> [Your instructions]
The answer should consist of each line below that contains the word "детских".
——————
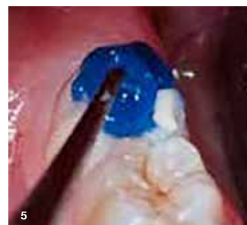
Slika 5: Štempljko smo čvrsto pritisnili v kaviteto, napolnjeno z EQUIA Forte HT, ko je bil material v gumijasti fazi.
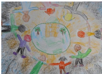
Рисунок Кулюпановой Насти для выставки детских работ «Край родной, навек любимый, не найти другой такой!»

Рисунок Саенко Насти для выставки детских работ «Наш Дом- Планета Земля!»
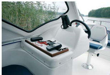
Удобный «штурманский» столик перед местом водителя
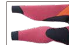
RIST & ANKLE WATER BLOCK CUFF
——————
> [Task solution]
Рисунок Кулюпановой Насти для выставки детских работ «Край родной, навек любимый, не найти другой такой!»
Рисунок Саенко Насти для выставки детских работ «Наш Дом- Планета Земля!»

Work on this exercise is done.